The Achilles Heel of LRU Caches

Ever since we released LMDB, our advice to software designers has been "don't do application level caching. Let the kernel handle it for you." This advice is based on over a dozen years experience, wrestling with cache management in previous releases of OpenLDAP, BerkeleyDB, and other related systems. But there was one lesson we learned in those dozen years that isn't always covered in depth, and is a persistent problem in cache management.

The problem has to do with full DB scans, or any query where the working set is larger than the size of the cache. These can be pretty common in an LDAP search, if administrative limits haven't been set to prevent them. With a straightforward Least Recently Used cache replacement strategy, new records are placed into the cache and when the cache is full, the oldest records are purged to make room for new records. But if a single query touches more records than can fit into the cache, the cache is rendered useless.

For example, assume a cache size of 3 records. If a query comes in that touches 3 records or less, the cache works well. E.g., with a query for 3 records A, B, and C, the cache contents would just be [A] [B] [C]. If a subsequent query asks for any of A, B, or C, the query can immediately be served from the cache.

But if the query touches more than 3 records, the cache is neutralized, useless. E.g. with a query for 4 records A, B, C, and D, the cache contents would first fill in with [A] [B] [C] as before. But when the record for D is processed, it will evict the oldest entry [A], to insert [D]. The cache then contains [B] [C] [D]. Any subsequent query for A, B, C, and D will perform as if there is no cache at all. The request for the first record A will not hit the cache, and A will enter the cache, making its contents [C] [D] [A]. Then the next record B will be processed, bumping the cache again [D] [A] [B]. Then the next record C will be processed similarly, making the cache [A] [B] [C], and finally the record D will be processed, making the cache [B] [C] [D] again. For this query, none of the 4 requested records could be served from the cache. The cache effectiveness is zero and all of the memory consumed by the cache is essentially wasted.

There are many complex cache management algorithms out there that attempt to address this scenario, and somehow preserve the cache's effectiveness in the face of these pathological queries. We explored a number of these in OpenLDAP back in 2007, but found they were all too heavyweight to be practical. The solution we came up with was actually quite simple: when we see that the current query will process more records than fit in the cache, we simply stop putting records into the cache.

So for the 3-record cache example, and a query that touches 4 records, the processing handles the first 3 records as usual, filling the cache with [A] [B] [C] as before. Then when we process the 4th record D, we send it to the client but then free it immediately, instead of pushing it into the cache. So on a subsequent query, we can still serve records A, B, and C directly from the cache at basically zero cost. For those three records, the cache effectiveness is 100%.

Note that this problem remains the same no matter how large a cache you configure. For a 1,000,000 entry cache, if a query touched 1,000,001 or more records it would invalidate the entire cache, using plain LRU.

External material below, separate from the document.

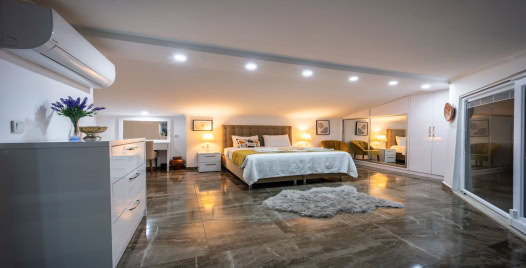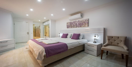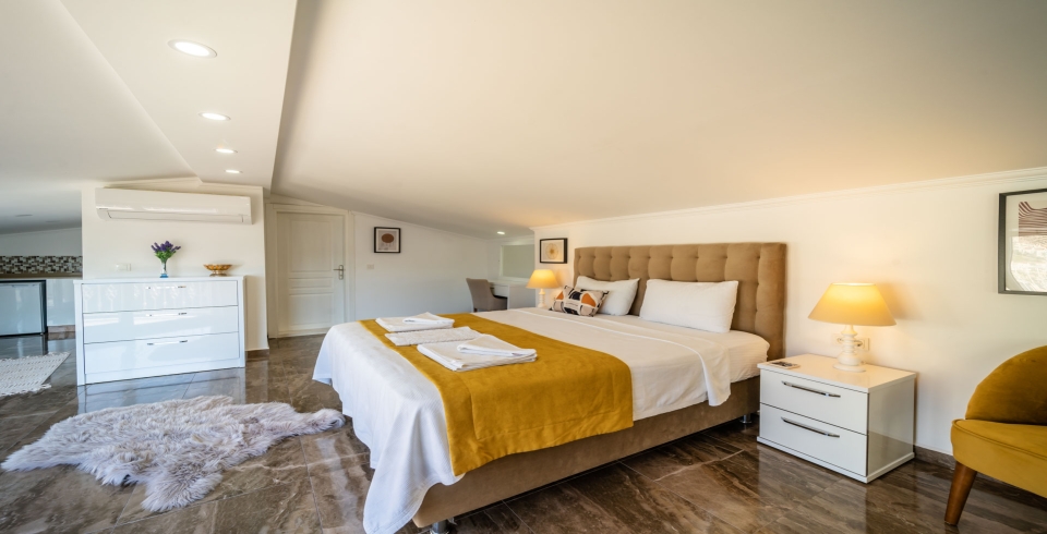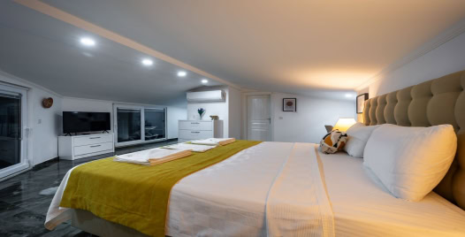 2. Yatak Odası : 1 adet çift kişilik yatak,klima, makyaj masası, klima komodin ve elbise dolabı, banyo ve tuvalet bulunmaktadır.

With LMDB, OpenLDAP no longer maintains any application level entry cache, so its performance depends entirely on the cache management of the underlying kernel, and the lesson we learned that was described above is just a bit of no longer useful information. But for situations where you're still unfortunate enough to be managing your own caches, it's worth knowing. It is indeed one example of how the higher level application can know more about the workload than the low level system, and can thus manage the cache better itself.